» **To do**
Exact wording is needed for every line from the one holding "魏炳举代表学院全体师生热烈欢" to the end of the records below; write those lines out and omit the pictures.

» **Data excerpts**
--------

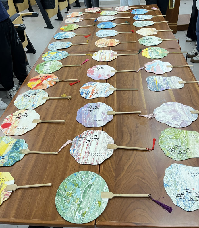 一桶水,一把扇,几滴大漆。扇入水内,色彩随机附着于扇面,一半人为,一半天成。印有“盛世中华”“国泰家和”的扇面在党员们的精心设计和制作下,一一着上了绚丽的色彩,好似大美中华,锦绣山河。在作品展示环节,党员们纷纷拍照留念,记录下漂漆扇与众不同的美。
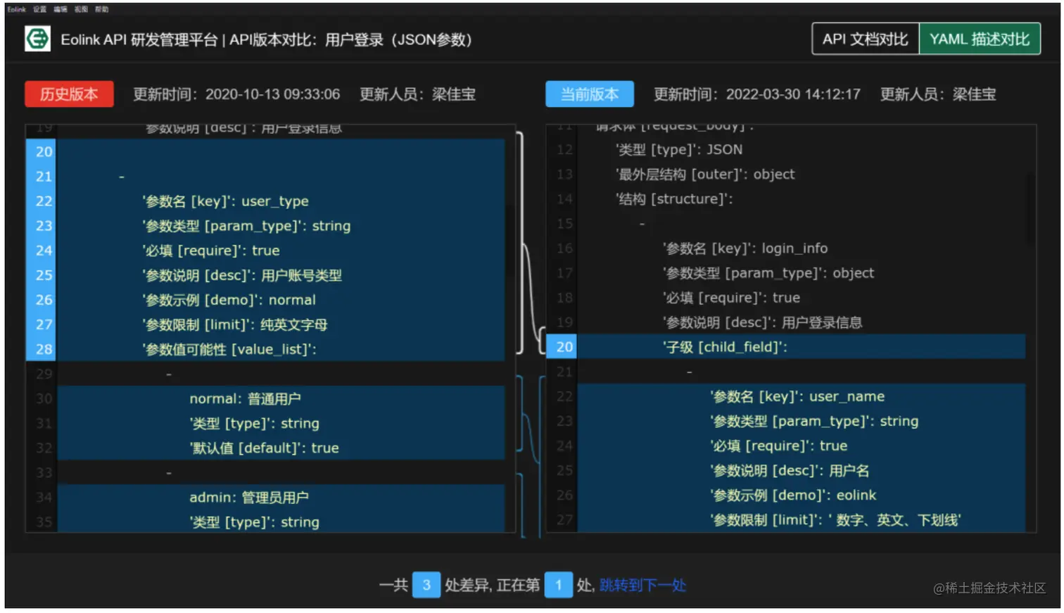 API历史版本比对
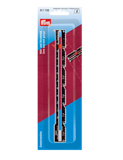 Regla guia de costura y tejido ajustable. Se usa directo en la máquina de coser o mientras se teje a palillo o crochet. La regla cuenta con espaciador. hecha de metal. Gran ayuda para marcar costuras y ojales.
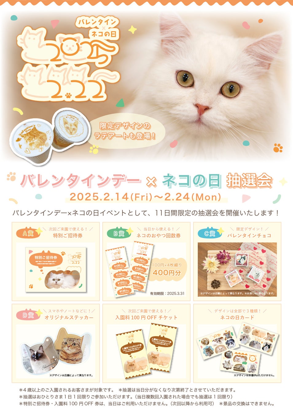 バレンタインデーとネコの日のコラボレーション!!毎年大好評のネコの日イベントが実施店舗拡大で開催いたします。
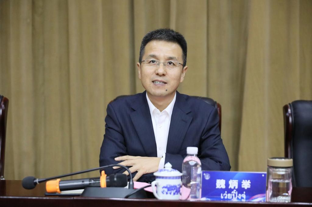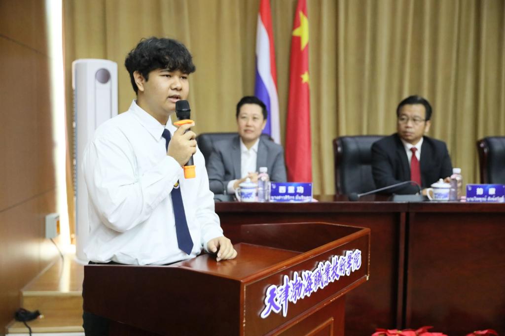 魏炳举代表学院全体师生热烈欢迎各位新同学,并对泰方院校领导、教师的辛勤培养表示衷心感谢。他简要介绍了学院改革发展成就,并对学生提出三点嘱托,一是志存高远,励志笃行,咬定目标加油干;二是躬耕实践,勤学不息, 练就高强技能本领;三是砥砺品德,广交朋友,争做中泰文化交流使者。
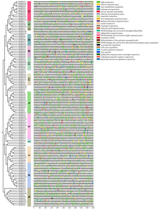 Analysis of cis-acting elements in promoter regions of 124 Protein Phosphatase 2C genes in Populus trichocarpa. Different colors indicate distinct types of cis-acting elements. Colored boxes represent specific heatmap modules. Color gradient in heatmap reflects relative abundance of cis-acting elements per gene. Red color lump represents high expression quantity; blue color lump means low expression quantity. Subgroup classification of genes was determined by phylogenetic tree analysis.

--------

» **Solved problem**
 魏炳举代表学院全体师生热烈欢迎各位新同学,并对泰方院校领导、教师的辛勤培养表示衷心感谢。他简要介绍了学院改革发展成就,并对学生提出三点嘱托,一是志存高远,励志笃行,咬定目标加油干;二是躬耕实践,勤学不息, 练就高强技能本领;三是砥砺品德,广交朋友,争做中泰文化交流使者。
 Analysis of cis-acting elements in promoter regions of 124 Protein Phosphatase 2C genes in Populus trichocarpa. Different colors indicate distinct types of cis-acting elements. Colored boxes represent specific heatmap modules. Color gradient in heatmap reflects relative abundance of cis-acting elements per gene. Red color lump represents high expression quantity; blue color lump means low expression quantity. Subgroup classification of genes was determined by phylogenetic tree analysis.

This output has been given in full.